UPDATE: I refined what I was asking here, not exactly the same question but similar enough so this one could probably be merged with it. Any advice on how to merge them would be appreciated.

+1  A: 

In my opinion, regardless of how you generate your markup, it's worthwhile to plan that out well. If you merely require the server controls to emit markup that works, you can end up with a significant maintenance burden in terms of keeping your CSS/JS/HTML in order. It's far too easy with ASP.NET webforms and server controls to emit lousy markup.

While I may not code every last bit of HTML for every page I find a clean, well-planned HTML "sketch" can be a helpful starting point for the ASP.NET developers.
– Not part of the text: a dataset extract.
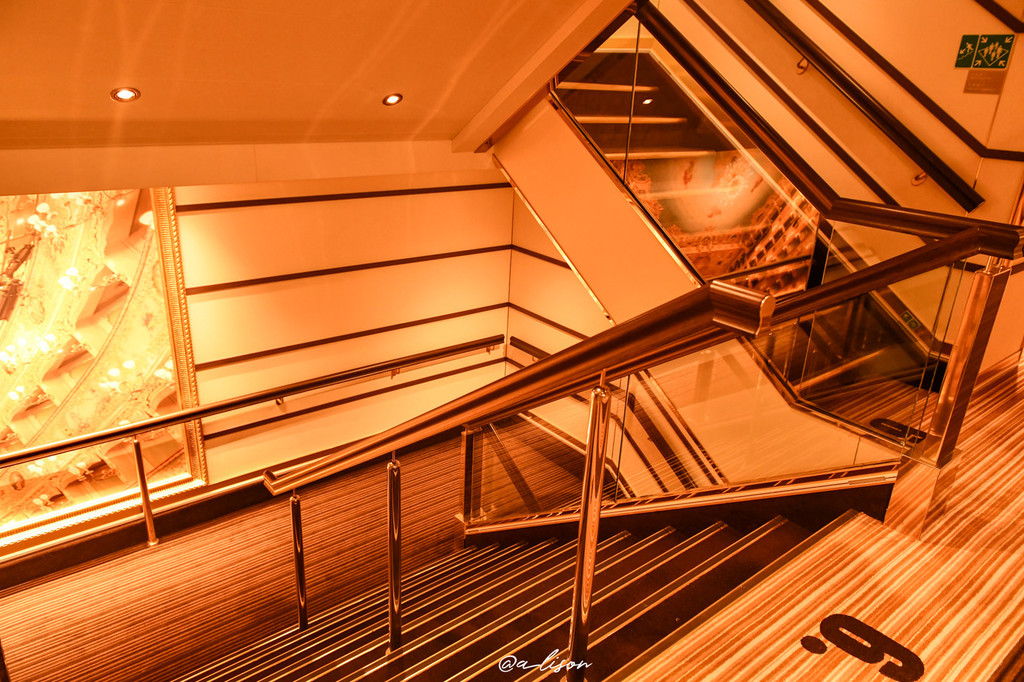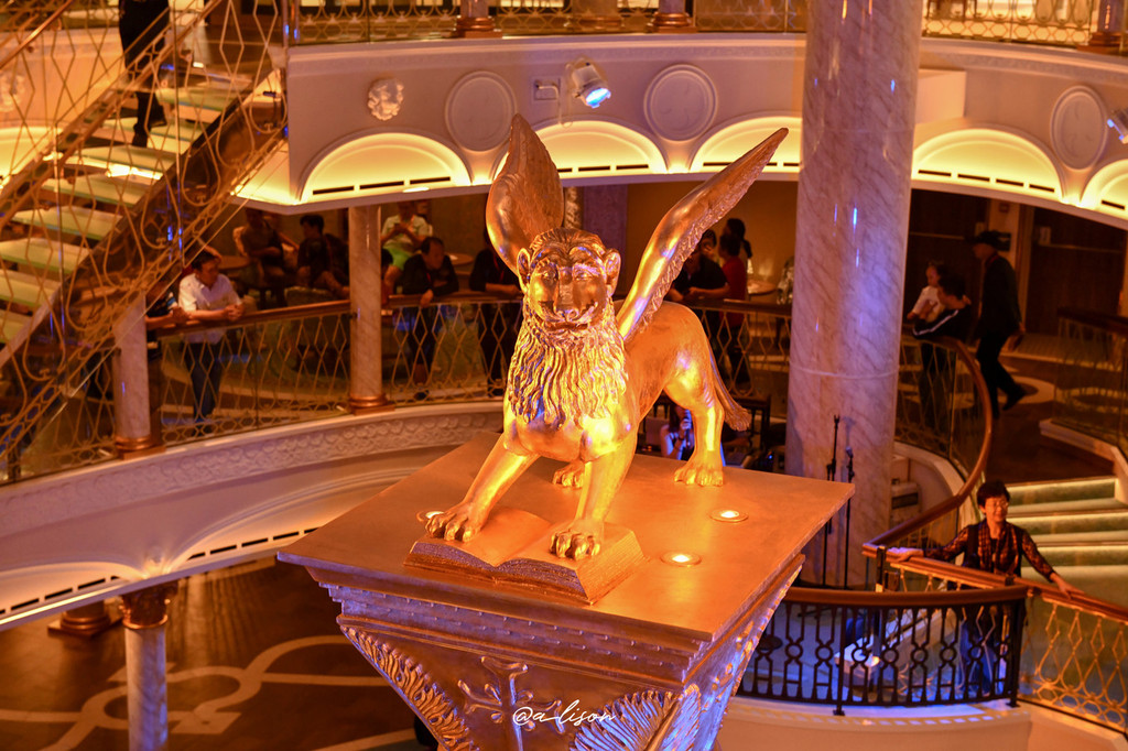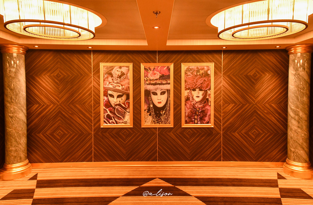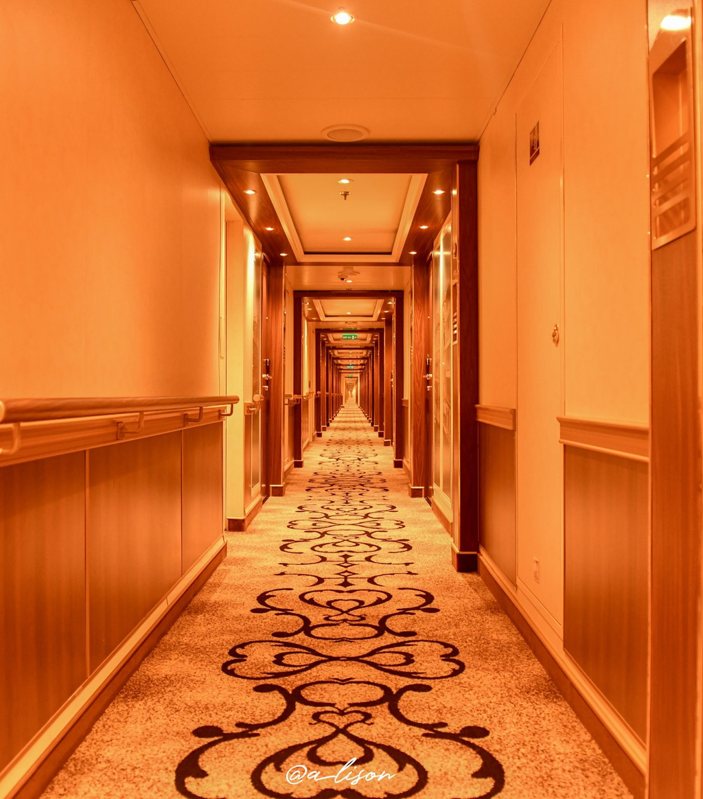 纯正意式血统的邮轮当然哪里都不会缺少意式元素,走廊这里可以看到威尼斯景观的壁画,让人感觉仿佛走在威尼斯街头。

Get it to the point where the CSS folks can begin applying styles and the ASP.NET devs can develop the functional pieces.

Larsenal
+1  A: 

Let me answer it from a purely ASP.Net MVC perspective:

  • I will get the designers to still do the HTML design, but at a smaller "view" level rather than a complete page level

  • Then compose pages from the Views with proper valid XHTML, CSS & the works

  • During this composition phase, understand some of the REST-ful features of ASP.Net MVC & see if the UI actions can be properly mapped to REST actions

  • Bring in the developers to start writing ViewModel classes which can be bound to the Views

  • So, while the developers provide the ViewModel classes & mechanism to hydrate them, the designers will be designing HTML views which will be bound to a given ViewModel

HTH.

Sunny
A: 

You might find this similar question to be useful: Is it ok to create the HTML first for an ASP.NET or ASP.NET MVC site?

ChessWhiz
That similar question was written by the same guy, roughly 4½ hours after this one :)
Jørn Schou-Rode
LOL, oops. I guess it wasn't so useful. There is no need for two questions asking basically the same thing, though.